Dijital-Twin / model

0 stars 0 forks source link

feat: Finetune QA Model #1

Closed emirsoyturk closed 6 months ago

emirsoyturk commented 6 months ago

Goal

Since the desired result cannot be achieved with fine tuning of language models, the use of QA models will be tried. In this context, models like "roberta-base-squead2" etc. will be tested and the answer values ​​produced according to the question received will be combined with the MASK model to produce an output.(which is from https://github.com/Dijital-Twin/model/issues/2)

Steps

MGurcan commented 6 months ago

Commit Url

Enhancing QA Models

Objective

The primary goal is to explore the effectiveness of different QA models in generating accurate answers to questions. This exploration includes testing models like roberta-base-squad2 and others. Given that fine-tuning language models did not yield the desired outcomes, the focus will shift towards QA models. The responses from these models will be augmented using a MASK model to produce refined outputs.

Methodology

As a result of the research, it has been determined that fine tuning can be done on QA models with Haystack, and both the accuracy value can increase and the response times can decrease.

Fine Tuning "deepset/roberta-base-squad2" Code

from haystack.nodes import FARMReader

reader = FARMReader(model_name_or_path="deepset/roberta-base-squad2", use_gpu=True)
reader.train(data_dir=data_dir, train_filename="../data/squad_formatted_friendsqa_data.json", use_gpu=True, n_epochs=3, save_dir="my_model_3epoch")

It was concluded that data in SQuAD format is needed for the fine tuning process of QA models.

SQuAD Data Format

The Stanford Question Answering Dataset (SQuAD) is a collection of question-answer pairs derived from Wikipedia articles. In SQuAD, the correct answers of questions can be any sequence of tokens in the given text. [1]

Example format

{
"data": [
    {
        "paragraphs": [
            {
                "context": "The quick brown fox jumps over the lazy dog.",
                "qas": [
                    {
                        "question": "What does the fox jump over?",
                        "id": "q1",
                        "answers": [
                            {
                                "text": "the lazy dog",
                                "answer_start": 32
                            }
                        ]
                    }
                ]
            }
        ],
        "title": "Example"
    }
],
"version": "2.0"
}

The friendsQA dataset obtained from project emorynlp/FriendsQA was converted to SQuAD format and fine tune experiments were performed on the models.

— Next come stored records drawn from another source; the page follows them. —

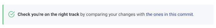 At the end of each lesson (and sometimes within a lesson) you will see a box like this one with a link going directly to the commit that has the changes in that lesson (or that part of the lesson):
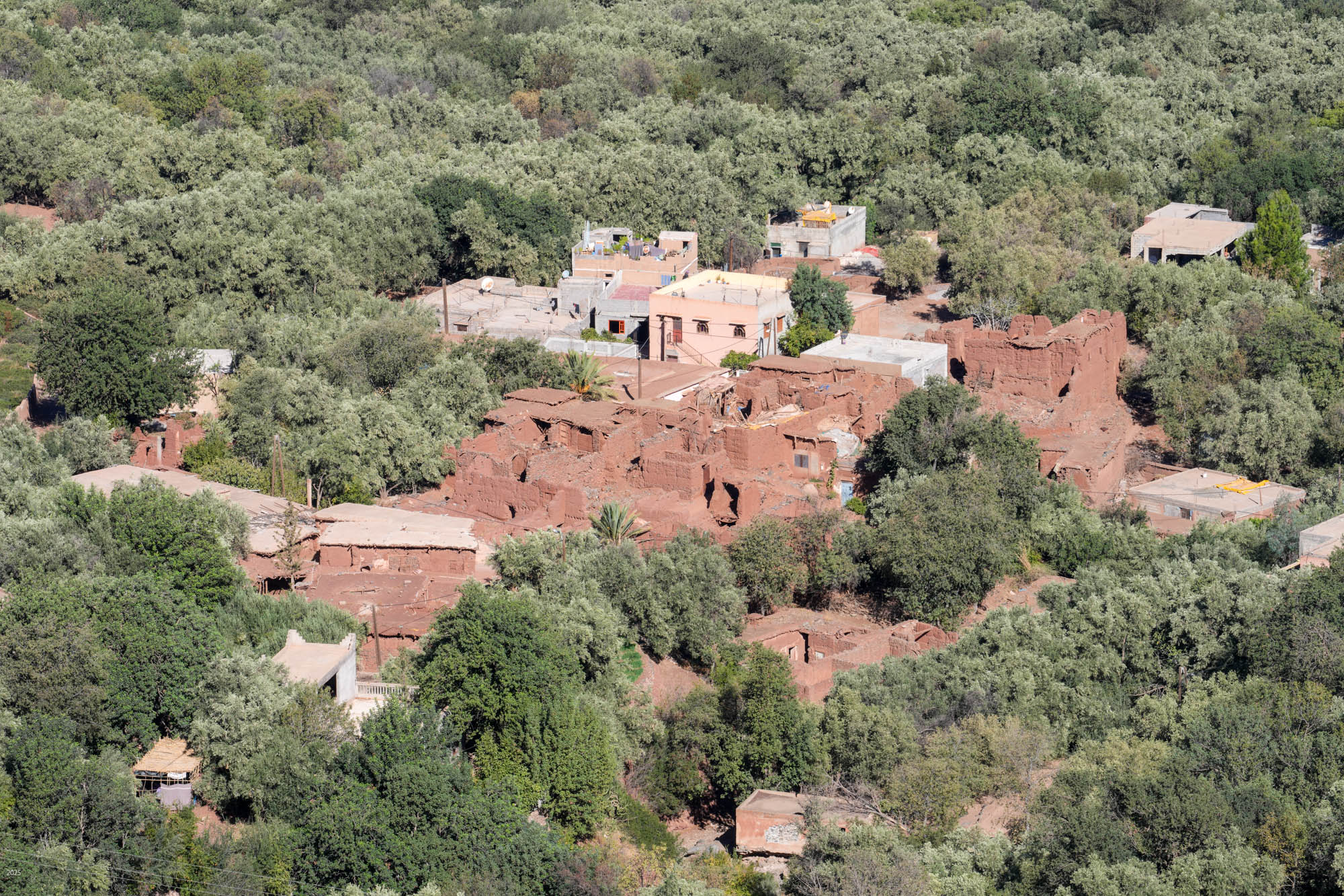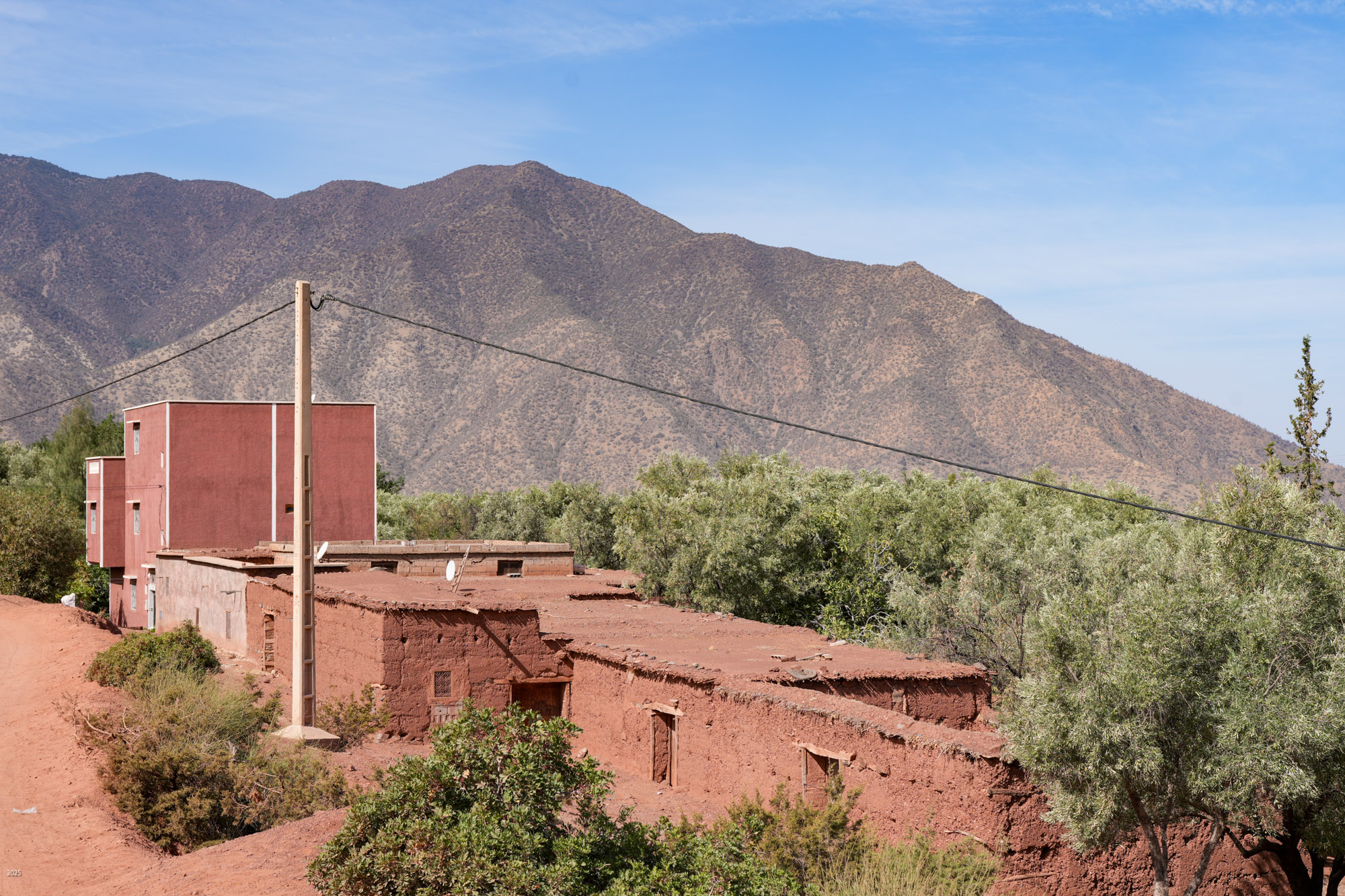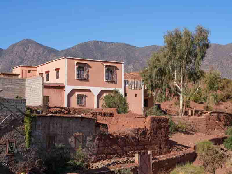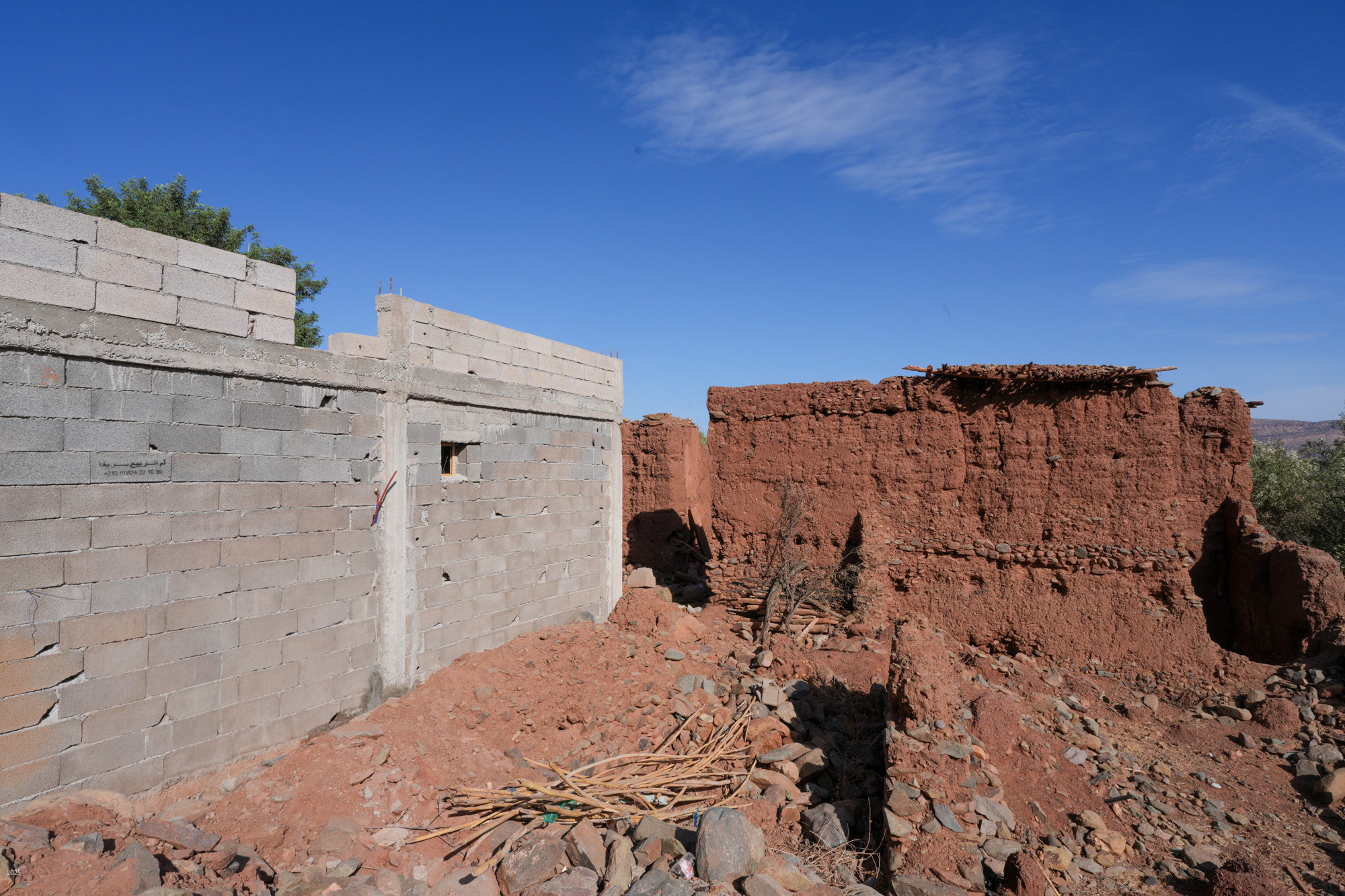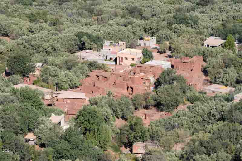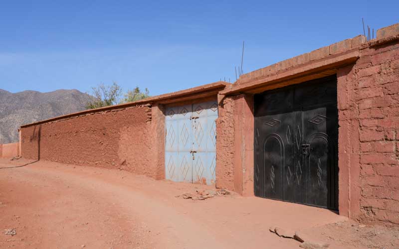 Walking through olive groves above Riad Idar for ~1 km, we came upon the Berber village of Agouni. Most of the old houses were destroyed in the 2023 earthquake. The village has many modern houses, similar in form to the old ones, but built with concrete structures and walls of hollow blocks.
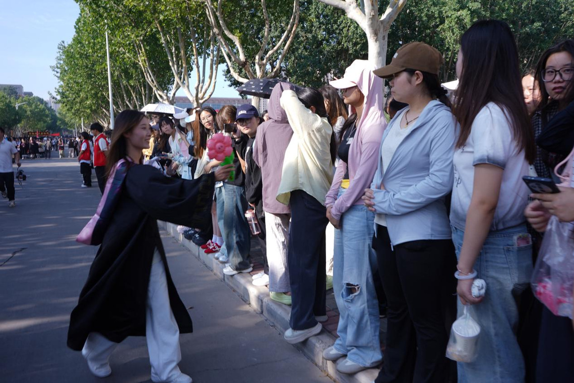 学弟学妹们高举缤纷的祝福标语、手卡、鲜花、礼物,热情地站在巡礼路段两侧,用灿烂的笑容和欢呼声为学长学姐们送上美好祝愿;毕业生们与师长、同窗们挥手告别,再次行走在熟悉的校园里,感受着母校带来的温暖。
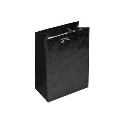 Větší papírová dárková taška černá Povrch tašky je zdoben hadím dekorem
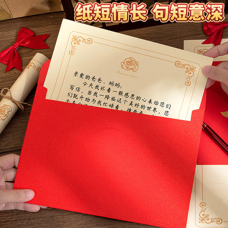 爸爸妈妈辛苦了感恩节贺卡感谢信纸信封套装鲜花店花束送父母礼物高级感精致卡片手写信母亲生日祝福语留言卡
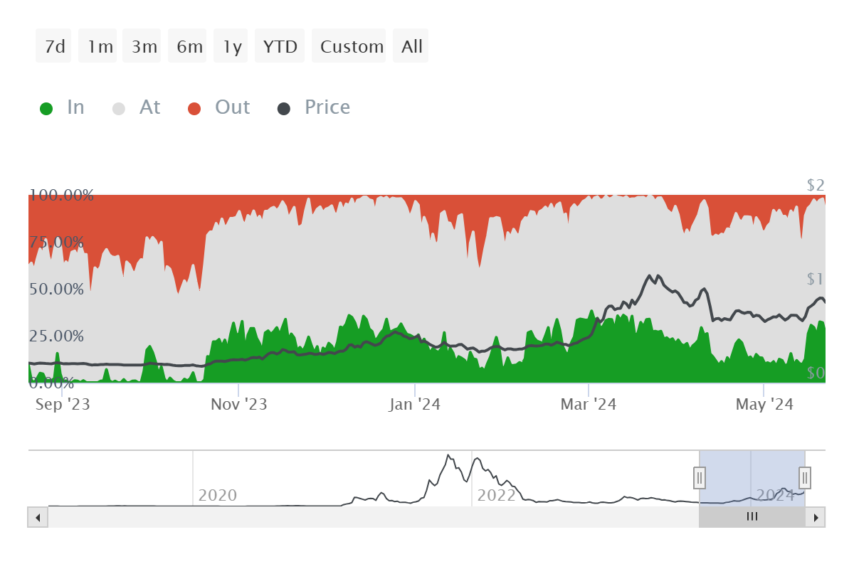 انخفض سعر فانتوم (FTM) من خلال الدعم الحاسم لتصحيح فيبوناتشي 61.8٪، مما ترك العملة البديلة عرضة لمزيد من الخسائر. كما أن حاملي FTM لا يدعمون الانتعاش بشكل كبير، حيث قد يتطلعون إلى بيع ممتلكاتهم.
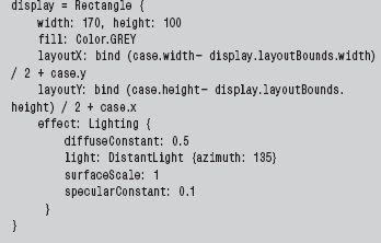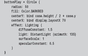 Перейдем к описанию экрана плеера, задаваемого в листинге 2 объектом display. Переменные, описывающие прямоугольник, вам уже знакомы. Уточним два новых параметра: layoutX и layoutY. Эти переменные — методы позиционирования узла на сцене. С их помощью мы разместим экран в центре корпуса плеера.
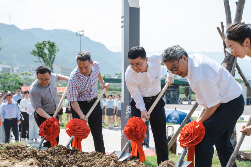 仪式上,参与活动的嘉宾一起为树木培土,并为丽水学院校训石揭幕。松阳校区师生朗诵诗歌《值此青绿》,为学校116周年华诞献上诚挚的祝福。
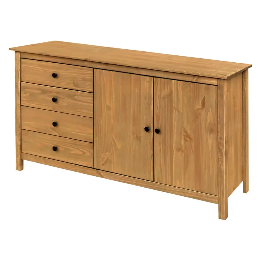 Komoda TORINO vosk s 2 dveřmi a 4 zásuvkami představuje praktické úložné řešení pro ložnici, které uschová drobnosti, prádlo i deky. Teplá medová barva vosku dodává nábytku moderní vzhled, který dobře doplní ostatní prvky ze série TORINO. Na levé straně najdete 4 zásuvky, zatímco pravá strana je uzavřena dvířky a skrývá polici pro větší věci. Díky nízkému provedení nezabírá zbytečně prostor, takže je ideální do menších místností a lze ji postavit samostatně či v kombinaci s dalšími kousky z řady TORINO vosk. Navíc vám umožní vystavit oblíbené fotografie či dekorace, čímž oživí útulný vzhled vaší ložnice.

During this converting sapha, Chinmay Bhalerao's Medium Article and Haystack[2] were used.

Below you can see the parameters and output times of some of the tried models.

The Models Used and Parameters-Response Times

Below you can find the analysis graphs of the outputs produced by the models for a friends quiz containing 142 questions using difflib.SequenceMatcher, and QA model's own scores. image image image image image

As a result of the examinations, it was observed that the fine tuning process reduced the response time and had a positive effect on the accuracy of the answers produced. Among the tried models, the best one is considered to be the deepset/roberta-base-squad2 model, which was trained for 3 epochs and produced output with 3 retrievers and 5 readers.